🤖 AI Summary
Existing diffusion models struggle to generate long-duration human videos with stable identity and precise motion, suffering from identity drift and temporal incoherence. This paper proposes a single-image-plus-pose-sequence method for infinite-length human video generation. First, we design an in-context LoRA fine-tuning strategy that injects appearance features at the token level and embeds pose conditions at the channel level. Second, we introduce a novel interleaved segment-wise generation scheme with shared KV caching to ensure cross-segment temporal consistency and seamless concatenation. We further enhance coherence via transition-frame optimization and cross-attention control. Trained on only 33 hours of modest-scale data, our method significantly outperforms state-of-the-art approaches in identity fidelity, pose accuracy, and temporal coherence. It enables high-fidelity, artifact-free synthesis of human motion videos of arbitrary length.
📝 Abstract
Generating long, temporally coherent videos with precise control over subject identity and motion is a formidable challenge for current diffusion models, which often suffer from identity drift and are limited to short clips.

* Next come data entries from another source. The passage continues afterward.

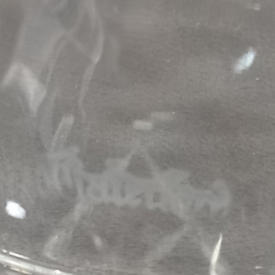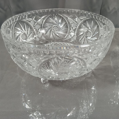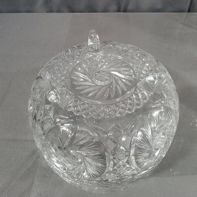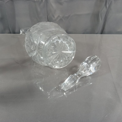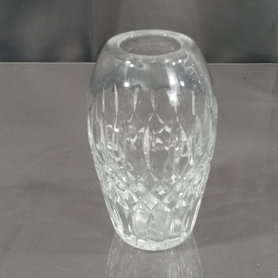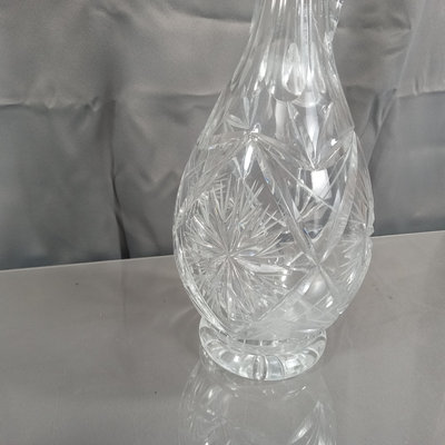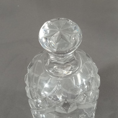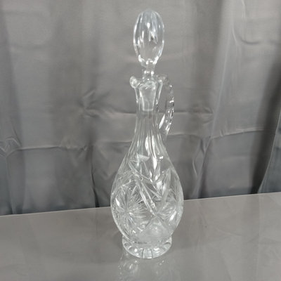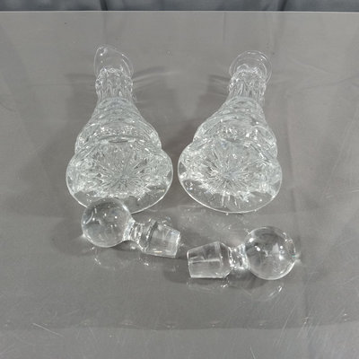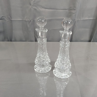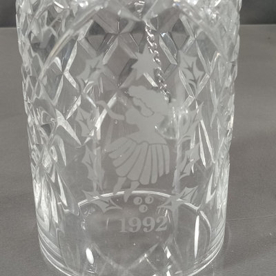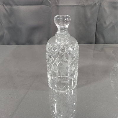 Footed Fruit/Candy Bowl, 8.5d x 4.5h. Waterford Crystal Bell, etched 1992 with angel, 5.25h. Small bud vase, 4.5h. Decanter, 15.5h. Pair handleless cruets, 8.5h. 6 pieces.
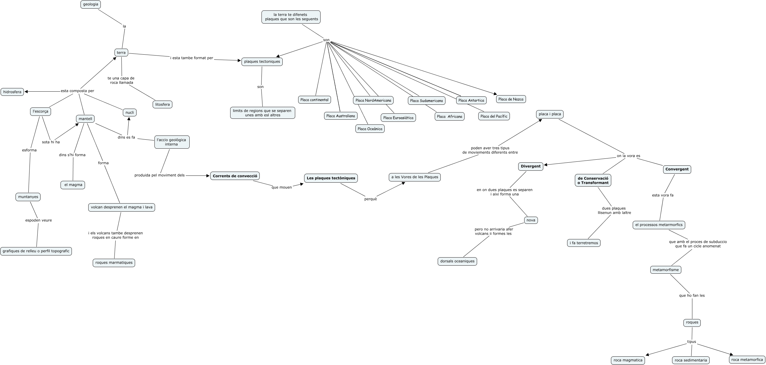 Este Cmap, tiene información relacionada con: geologia, la terra te difenets plaques que son les seguents son Placa Australiana, l'accio geològica interna dins es fa nucli, la terra te difenets plaques que son les seguents son Placa de Nazca, terra i esta tambe format per plaques tectoniques, roques tipus roca sedimentaria, la terra te difenets plaques que son les seguents son Placa Antartica, l'escorça sota hi ha mantell, muntanyes espoden veure grafiques de relleu o perfil topografic, Convergent esta vora fa el processos metarmorfics, Convergent on la vora es de Conservació o Transformant, l'escorça esta composta per terra, la terra te difenets plaques que son les seguents son Placa del Pacífic, terra te una capa de roca llamada litosfera, la terra te difenets plaques que son les seguents son Placa Australiana, la terra te difenets plaques que son les seguents son Placa Euroasiàtica, la terra te difenets plaques que son les seguents son Placa Africana, a les Vores de les Plaques poden aver tres tipus de moviements diferents entre placa i placa, metamorfisme que ho fan les roques, plaques tectoniques son limits de regions que se separen unes amb esl altres, mantell esta composta per nucli
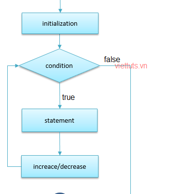 - Tiếp theo, check_dieu_kien được đánh giá. Nếu nó là true, phần thân của vòng lặp được thực thi. Nếu nó là false, phần thân của vòng lặp không thực thi và luồng điều khiển nhảy đến câu lệnh kế tiếp ngay sau vòng lặp for.
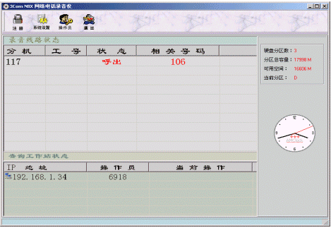 錄音坐席為網(wǎng)音公司開發(fā)的基于3Com NBX wavphone的軟件電話,與pcXset功能基本相同,能實(shí)現(xiàn)外撥、應(yīng)答、掛機(jī)、電話會(huì)議、呼叫轉(zhuǎn)移、呼叫保持等常用功能。
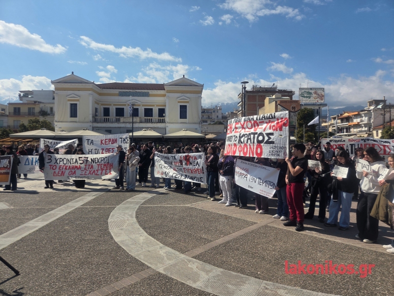 Με ιδιαίτερα αυξημένη συμμετοχή πραγματοποιήθηκε, το μεσημέρι του Σαββάτου (28/2), η συγκέντρωση μνήμης και διαμαρτυρίας στη Σπάρτη για τη συμπλήρωση τριών ετών από το τραγικό σιδηροδρομικό δυστύχημα στα Τέμπη. Το κέντρο της πόλης γέμισε από πολίτες κάθε ηλικίας, εργαζόμενους, μαθητές και φοιτητές, που ανταποκρίθηκαν στο κάλεσμα φορέων και σωματείων, στέλνοντας ηχηρό μήνυμα μνήμης και διεκδίκησης.

We introduce PoseGen, a novel framework that generates arbitrarily long videos of a specific subject from a single reference image and a driving pose sequence. Our core innovation is an in-context LoRA finetuning strategy that injects subject appearance at the token level for identity preservation, while simultaneously conditioning on pose information at the channel level for fine-grained motion control. To overcome duration limits, PoseGen pioneers an interleaved segment generation method that seamlessly stitches video clips together, using a shared KV cache mechanism and a specialized transition process to ensure background consistency and temporal smoothness. Trained on a remarkably small 33-hour video dataset, extensive experiments show that PoseGen significantly outperforms state-of-the-art methods in identity fidelity, pose accuracy, and its unique ability to produce coherent, artifact-free videos of unlimited duration.